Swap Names Around with GREP and Find/Change
Joe wrote:
I have about two hundred text boxes which are captions of student pictures produced by Bob Stucky’s contact sheet script. The captions are actually the file name in this format: LastName_FirstName.jpg. I need to change to FirstName (space) LastName (no file extension).
Sounds like a job for super GREP! Try this: Open the Find/Change dialog box and switch to the GREP tab (this is in CS3 and later). Type this into the Find what field:
^(\w+)_(\w+)\.jpg
Type this into the Change to field:
$2 $1
Now click Change All. That should do it!
Here’s how to decode the grep codes:
- ^ means “beginning of paragraph”
- (\w+) means “remember what the first group of one or more word characters are”
- _ is literal — that is, it’s just looking for an underscore character
- \. means a period/dot (you have to “escape” that character with the backslash before it)
- .jpg is also just literal
- $2 $1 means “take the second word group you found (the stuff in parentheses), then type a space, then type the first word group you found”
There, that wasn’t so hard, was it?
For Mac OS X users :
if you need to list all the files on a Finder’s folder, just :
- select the files
- Edit > Copy or Cmd-C
- Open the app TextEditor
- Cmd-Shift-T to switch to Plain Text formating or Format > Make Plain Text
- Edit > Paste or Cmd-V : there you are, the list is there.
Eugene emailed me offlist with a very good point: What if the names include non-word characters (characters that the \w won’t pick up), such as “Joe O’Hara” or “Jason Briggs-Jones”. Good point! In that case, perhaps the find code should be:
^(.+)_(.+)\.jpgor
^([-'\w]+)_([-'\w]+)\.jpg(The first uses the dot instead of \w, which lets InDesign find any character at all. Seems kind of extreme to me, so the second one limits it to just hyphens, apostrophes, and word characters. But both seem to work.)
You can also use :
^(\S+)_(\S+)\.jpg
\S looks for everything except a space
Well now that the morning has passed and I’ve thought about it, filenames wouldn’t usually have apostrophes, but could have hyphens.
So anyway, I like the second one there David, it’s a good one.
I don’t know how to use the [[:punct]] posix in GREP, so I didn’t really know how to search for punctuation.
I can’t get the second one to work though? Not sure why.
This one worked for “O’Hare_John-Joe.jpg”
^(\w+[-'\w]\w+)_(\w+[-']\w+)\.jpg
But I guess you can’t get all possible variables for names in there – can you?
Something’s wrong : the antislash disappeared
the good regex is :
^(\S+)_(\S+)\.jpg[[:punct:]] matches any ponctuation :
^([[:punct:]\w]+)_([[:punct:]\w]+)\.jpgThe first regex is better.
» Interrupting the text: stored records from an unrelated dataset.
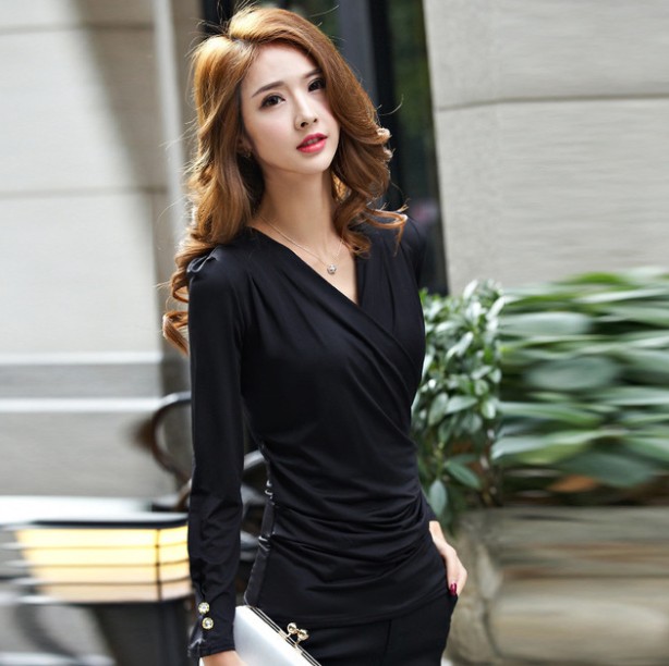Factory slimming plate-size women's top, form-fitting base layer, sexy mini top, low-cut cross-V-neck long-sleeved T-shirt to cover the belly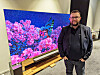Knut-Eirik Bruvold-Rørnes i Samsung med viser under PoweUp for første gang på en messe i Norge sine mikroled-TVer; 110-tommereren MS1A til 1,5 millioner kroner. Foto: Stian Sønsteng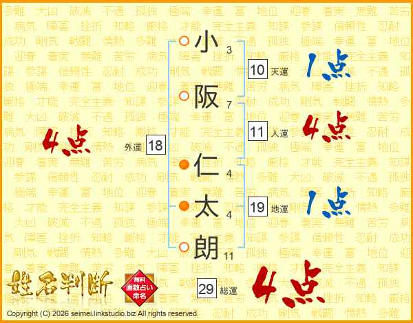 小(3画)阪(7画) 仁(4画)太(4画)朗(11画)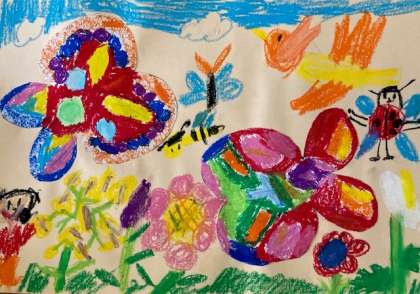 チョウチョが飛ぶ世界を自由に想像して描いていた2年生。いったいどんな世界を飛んでいるのかな?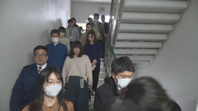 職員らは地震発生直後、その場にしゃがみ頭や体を守る基本動作「シェイクアウト」を実施。14階建ての庁舎からおよそ2000人の職員が階段を使って1階に避難しました。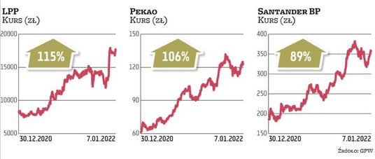 Wśród największych firm najbardziej okazałą stopę zwrotu przyniosły akcje LPP, zapewniając zysk na poziomie 115 proc. Kapitalizacja odzieżowego giganta przekroczyła 32 mld zł, plasując go w czołówce najbardziej wartościowych spółek z GPW. Właściciel kilku popularnych odzieżowych marek w zeszłym roku pozytywnie zaskoczył rynek wynikami, które były najlepsze w historii firmy. W ocenie analityków spółka ma szansę na kontynuację tego pozytywnego trendu. – LPP znajduje się na naszej liście faworytów na 2022 r. Spółka jest beneficjentem dużego rozwoju powierzchni handlowej, zwłaszcza w swoim najtańszym brandzie, jakim jest Sinsay. Jego rozwój jest znacząco tańszy niż dotychczasowy na przykład Reserved, a zwrot z inwestycji w retail parkach to 12–16 miesięcy. Ponadto, dynamicznie rośnie sprzedaż e-commerce. Koszty są powiązane z przychodami w znacznie większym stopniu niż przed pandemią, co sprawia, że model biznesowy jest bardziej elastyczny. Widać efekty wdrażania RFID, które w tym roku powinno być zakończone w Croppie, Housie, Mohito – wyjaśnia Sylwia Jaśkiewicz, analityk DM BOŚ. Spodziewa się dobrych wyników finansowych. Przekonuje, że wzrost powierzchni, zmiany w modelu biznesowym i w strukturze sprzedaży powinny więcej niż skompensować wzrost płac.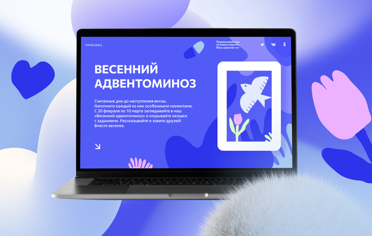 А для того, чтобы помочь нам настроиться на праздники и на теплое время года медиахолдинг Rambler&Co запустил «Весенний адвентоминоз» — интересный проект с механикой адвент-календаря на все «переходные» дни между зимой и весной — с 20 февраля по 10 марта. Для каждого дня на лендинге есть интерактивная карточка с необходимым витамином. Например, карточка с витамином З на 28 февраля советует посмотреть предсказания на весну по своему гороскопу.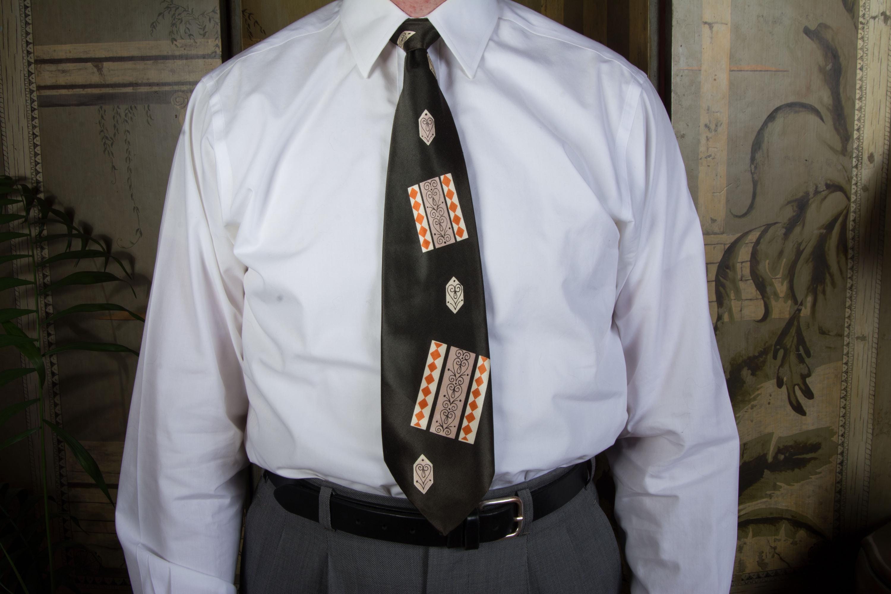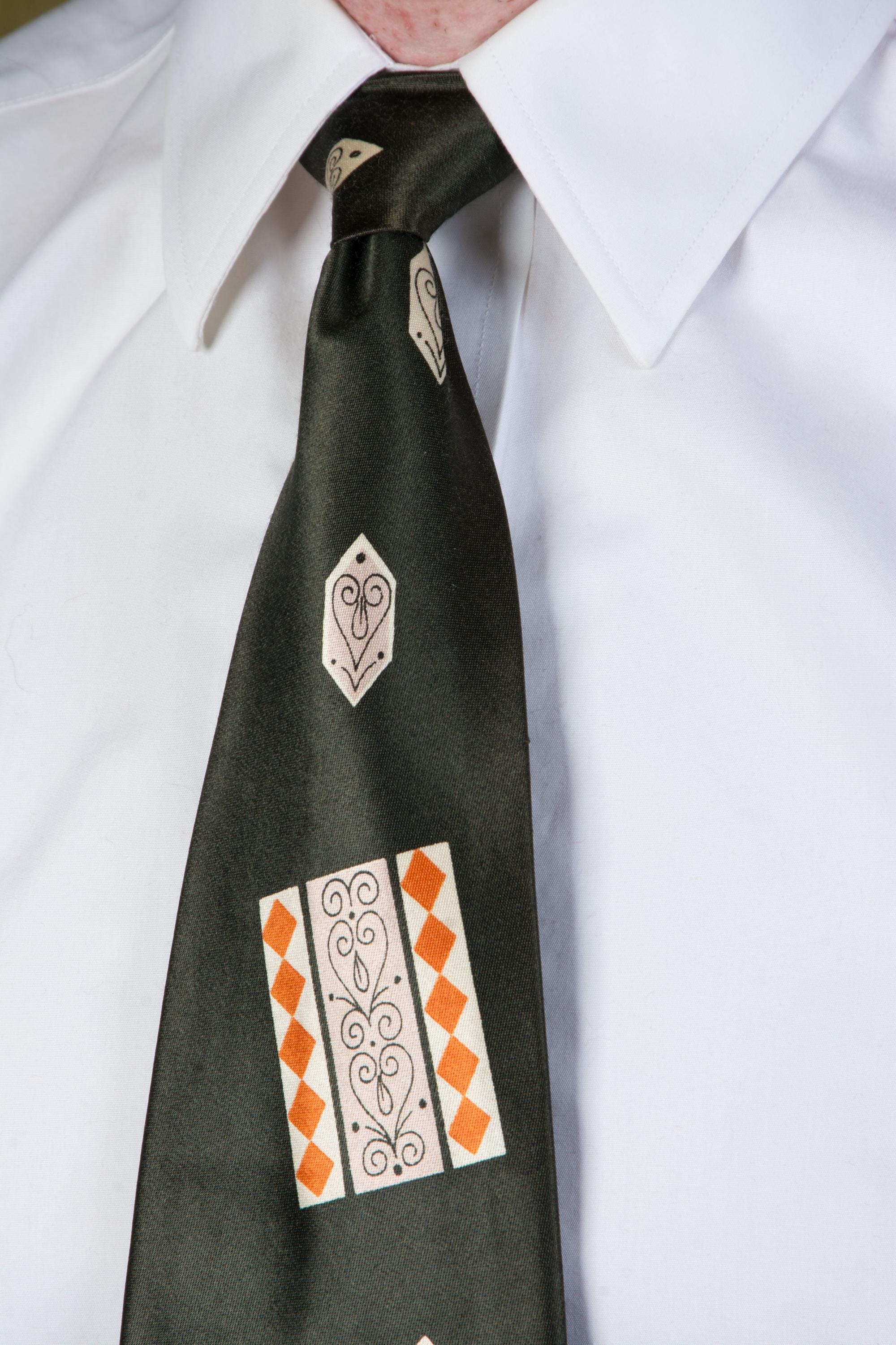 A lustrous 1940s satin necktie, softly gleaming in a subbed, drying pine needle green hue. The dark, drab family hue is off set with crisp white, pumpkin orange and a very pale lavender-rose hue, with black line work. It's an usual combination, I like it. Fully lined.

I’m not sure why the backslash (or “antislash”) is not working sometimes in these comments. It looks like you need to type it two times in a row to make it appear. I guess our CMS strips it out if you only type it once. I’ve edited your posts, Laurent.
What about names like “de la Vega” or “Wilcox III”? Since the underscore character is so rare, I’d go with this:
^(.+)_(.+)\.jpg
Hi Bob, that’s what I said in post 2, I emailed David about the hole in the grep code for names.
I pretty much thought the code was solid, but David thinks it’s extreme.
Seems to be hot topic though
I’d go for this GREP (there’s much less backtracking) :
^([^_])_(.+)\\.jpgI’d give «(•).(•)» a go, but that’s just because it looks way cuter than anything you guys came up with
On a more serious note: if you work on a copy to run the GREP, there’s no reason not to use as rigorous a replace as possible. I wouldn’t want to end up with a name screwed up because I was too cautious.